Library system in North Carolina, US

The Harnett County Library System is based in Lillington, Harnett County, North Carolina, in the United States. It has branches in Angier, Benhaven, Coats, Dunn, Erwin, Anderson Creek Primary School, and the Boone Trail Community Center and Library. The population served is 128,140. The main library building in Lillington has 14,395 square feet and employs 14.5 full-time-equivalent staff.

== History ==
In 2014 the Harnett County Library System joined the NC Cardinal system. The collaboration of materials has benefited not only the individual patrons but also local small-town libraries across North Carolina.

== Local History Room ==
The Harnett County Public Library's Local History Room provides basic research materials to historians and genealogists with an emphasis on Harnett County and the Cape Fear Valley.

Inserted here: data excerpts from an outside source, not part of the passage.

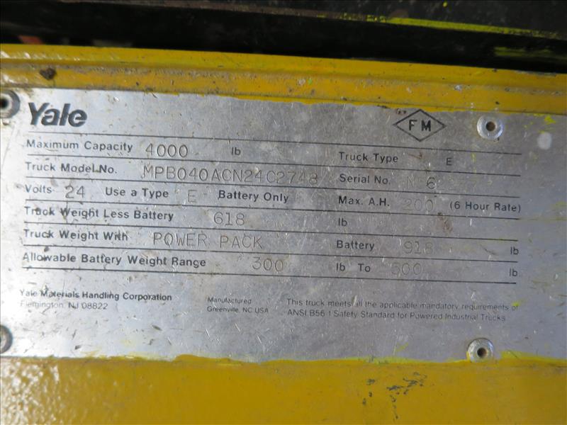 Yale electric Pallet Mover, model MPB040ACN24C2748, 24 volt, s/n N562237, 4,000 lb. cap.
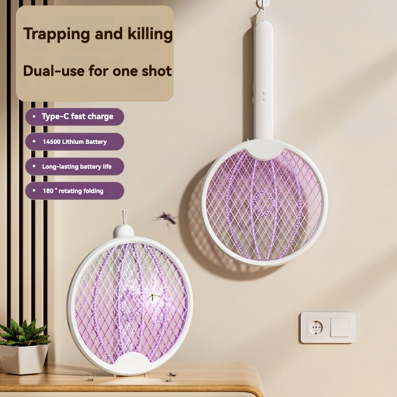 Moustiquaire électrique portable rechargeable 2 en 1 de couleur violette avec charge USB
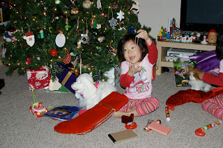 | Kacee opening her first gift ever. She really did not know what to do. By the end of the Christmas season, she was a pro at unwrapping presents. |
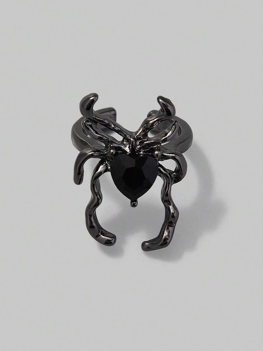 Goth 1 pieza Anillo abierto miedoso hierro de aleación con diseño de araña para mujeres para decoración diaria
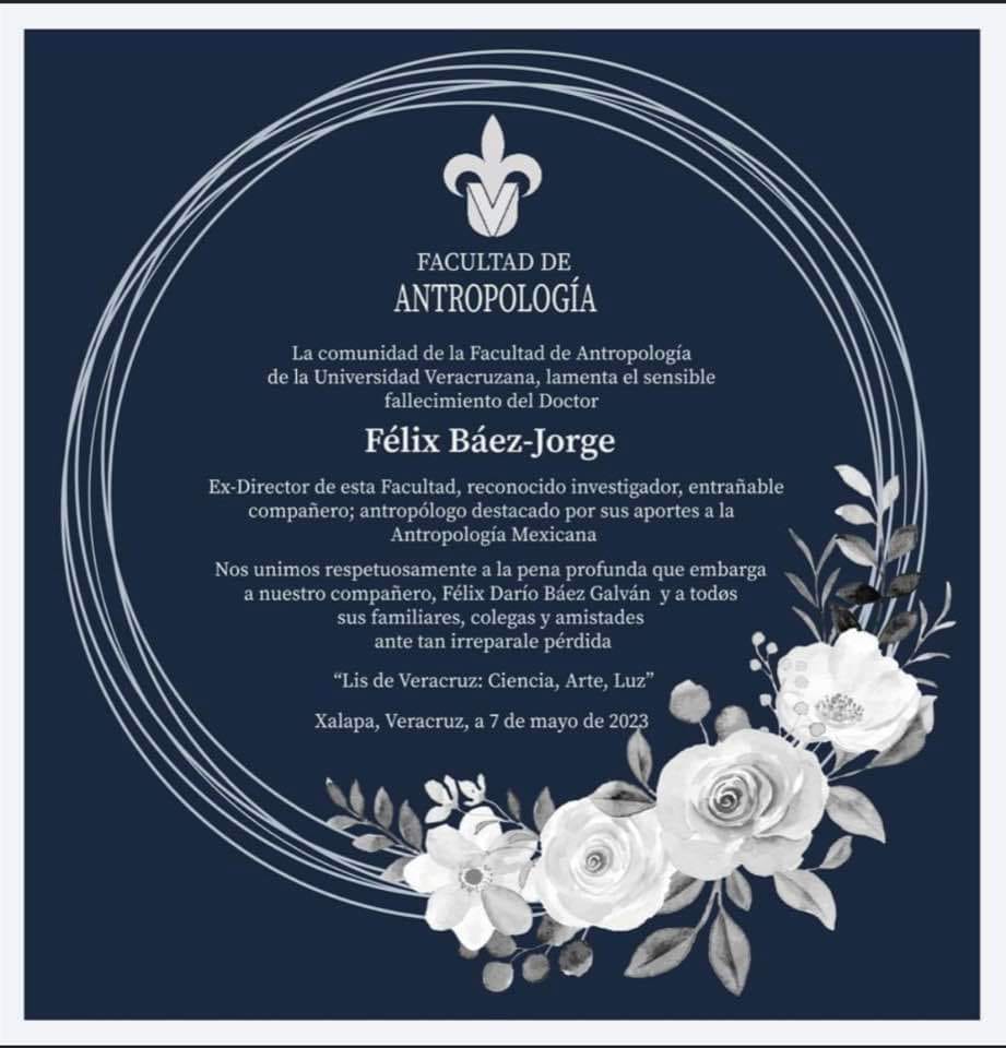 El día de hoy falleció aquí en Xalapa el antropólogo Félix Báez-Jorge egresado de la Universidad Veracruzana (UV), y secretario académico de esa casa de estudios, durante el periodo como rector de Rafael Hernández Villalpando.
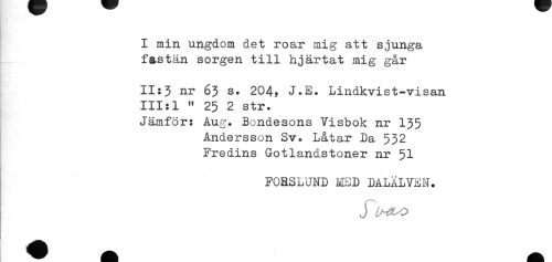 //// * //// 11:3 ni* 63 s. 204, J.E. Lindkvist-visan //// 111:1 " 25 2 str. //// Jämför: Aug. Bondesons Visbok nr I35 //// Andersson Sv. Låtar Da 532 //// Fredins Gotlandstoner nr 51 //// FORSLUND HED DALÄLVEN. //// J ////
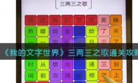 我的文字世界是最近抖音热门文字游戏,游戏中三两三之歌怎么过关?这是游戏最新关卡之一,三两三之歌是抖音上非常火的一首歌,现在游戏中也出现了。下面是3DM小编给大家带来的《我的文字世界

Unique materials in the local history collection include a vertical file, obituary file, and picture file (from the collections of the late Talbott McNeill Stewart and Luci Uzzle) which are viewable on the library's online catalog. The library also has a small collection of old and new maps, some local schools' yearbooks, and a variety of photographs and documents from the late 1800s to mid 1900s that are in the process of being archived. The library also has a folder for each senior class of Lillington High School from 1944-1977.

The library owns microfilm copies of Harnett County Census records, 1790-1930 which is also available through the State Library in Raleigh. The local history collection also includes the N.C. Folklore Society Journal, the N.C. Historical Review, and other literary and scholarly publications from UNC Chapel Hill and Duke. In addition, the library owns a collection of primary source materials covering North Carolina History from the earliest days of the colony to the American Civil War.

The Local History Room is now located within the computer lab and is open during regular library hours. Archival materials are available to view by appointment.